● **What this task involves**
Please print the full listing below exactly, but not the pictures in it.

● **Available data**
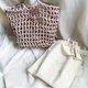 韓國仿皮革線日常浪漫小品編織手提側背包(淺奶茶色)
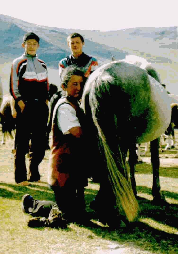 So gegen eins sind wir zurück und es gibt einen Imbiss. Der Pferdeguide kommt nicht, er sucht die Pferde. Reiten werden wir auf Wallachen. Stuten werden selten geritten. Sie werden gemolken, um aus der Pferdemilch Airag herzustellen.
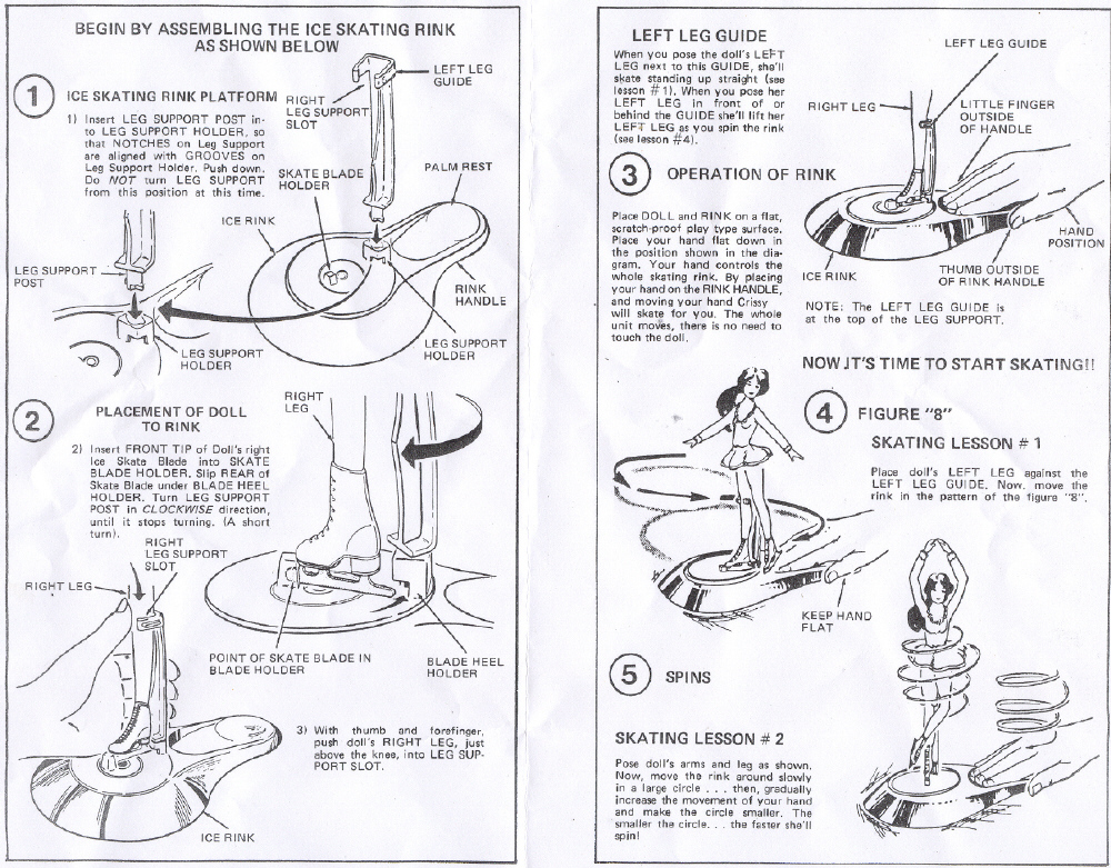 The rink/stand is really quite fascinating. As the doll on her stand is moved about a smooth surface, she appears to skate and twirl.
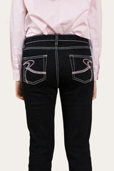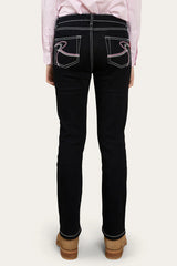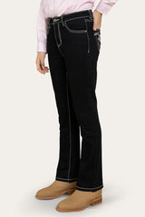 The Joey Kids Jean is now available in Dark Blue. A firm favourite - suited for all those important outside jobs and scrubbing up well for a trip into town. Featuring comfy stretch fibre blends and a functional bootleg cut, these jeans are staple for any busy girl's wardrobe!
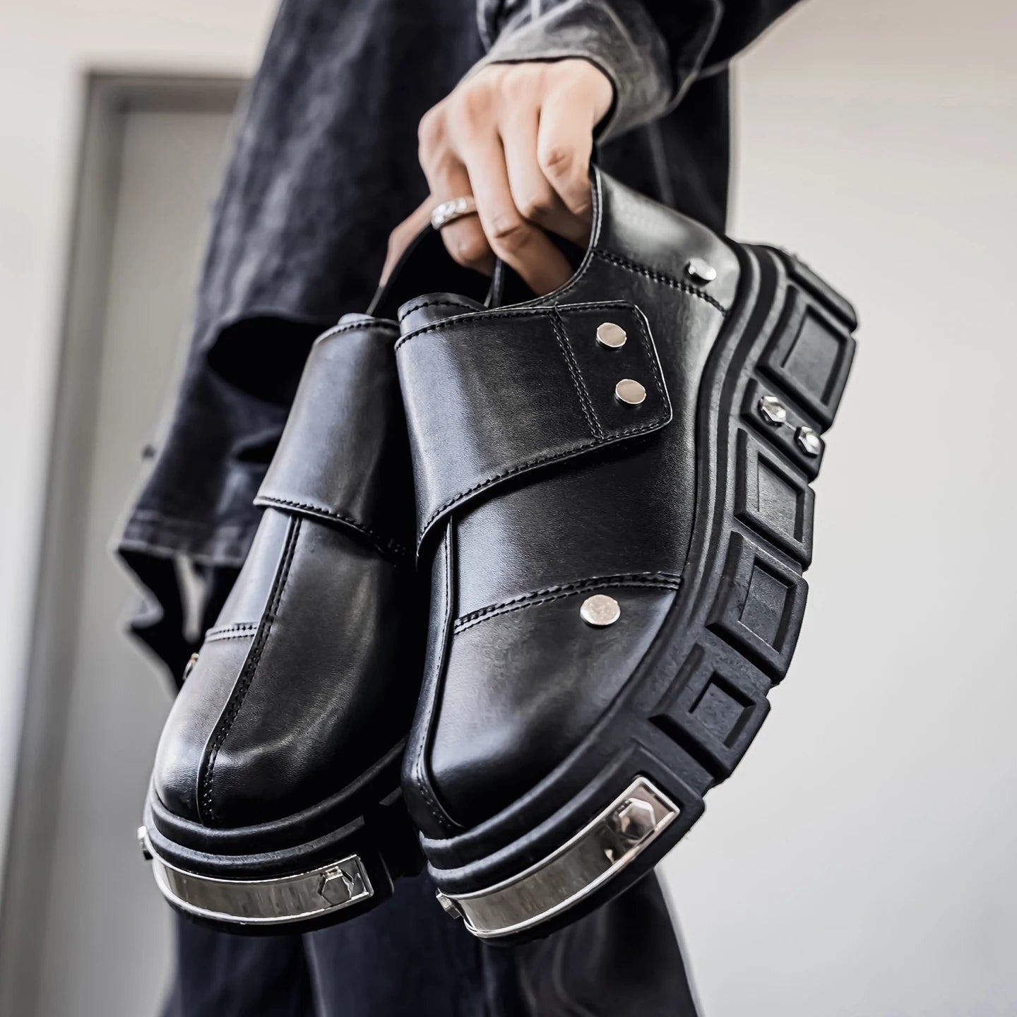Crafted for the modern gentleman who appreciates bold style with refined details, these leather platform shoes seamlessly transition from business casual to evening wear. The striking metal punk accents add contemporary flair while the classic derby silhouette maintains timeless appeal.
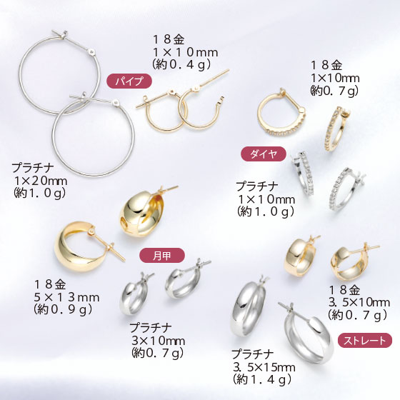 ●材質:パイプ・月甲・ストレート=プラチナ/プラチナ900、18金/18金、ダイヤ=ダイヤモンド20石(計0.1ct)、地金部/プラチナ=プラチナ900、18金=18金
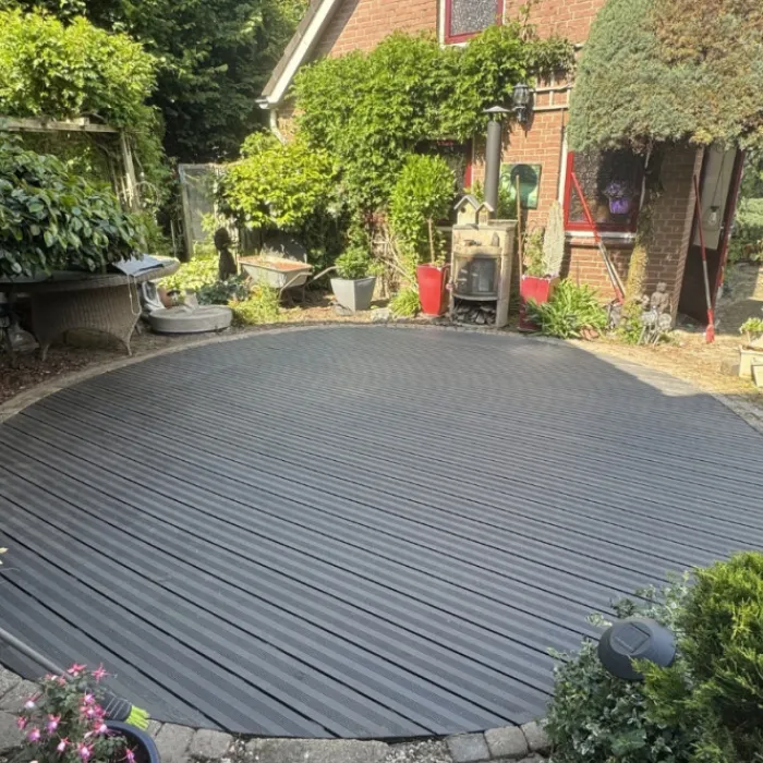 Vlonder totaalpakket voor 1,00 m2, gelegd met antraciet composiet vlonderplanken van 400 cm lang, 2,1 cm hoog en 14,0 cm breed. Pakket bestaat uit vlonderplanken, onderbalken, clips en schroeven om een vlonderterras van te maken. De bijbehorende clips en de kop van de schroef zijn in dezelfde kleur. Vul het benodigd aantal vierkante meter terras in en de website rekent automatisch uit hoeveel planken je ontvangt.

● **Exercise answer**
 韓國仿皮革線日常浪漫小品編織手提側背包(淺奶茶色)
 So gegen eins sind wir zurück und es gibt einen Imbiss. Der Pferdeguide kommt nicht, er sucht die Pferde. Reiten werden wir auf Wallachen. Stuten werden selten geritten. Sie werden gemolken, um aus der Pferdemilch Airag herzustellen.
 The rink/stand is really quite fascinating. As the doll on her stand is moved about a smooth surface, she appears to skate and twirl.
 The Joey Kids Jean is now available in Dark Blue. A firm favourite - suited for all those important outside jobs and scrubbing up well for a trip into town. Featuring comfy stretch fibre blends and a functional bootleg cut, these jeans are staple for any busy girl's wardrobe!
Crafted for the modern gentleman who appreciates bold style with refined details, these leather platform shoes seamlessly transition from business casual to evening wear. The striking metal punk accents add contemporary flair while the classic derby silhouette maintains timeless appeal.
 ●材質:パイプ・月甲・ストレート=プラチナ/プラチナ900、18金/18金、ダイヤ=ダイヤモンド20石(計0.1ct)、地金部/プラチナ=プラチナ900、18金=18金
 Vlonder totaalpakket voor 1,00 m2, gelegd met antraciet composiet vlonderplanken van 400 cm lang, 2,1 cm hoog en 14,0 cm breed. Pakket bestaat uit vlonderplanken, onderbalken, clips en schroeven om een vlonderterras van te maken. De bijbehorende clips en de kop van de schroef zijn in dezelfde kleur. Vul het benodigd aantal vierkante meter terras in en de website rekent automatisch uit hoeveel planken je ontvangt.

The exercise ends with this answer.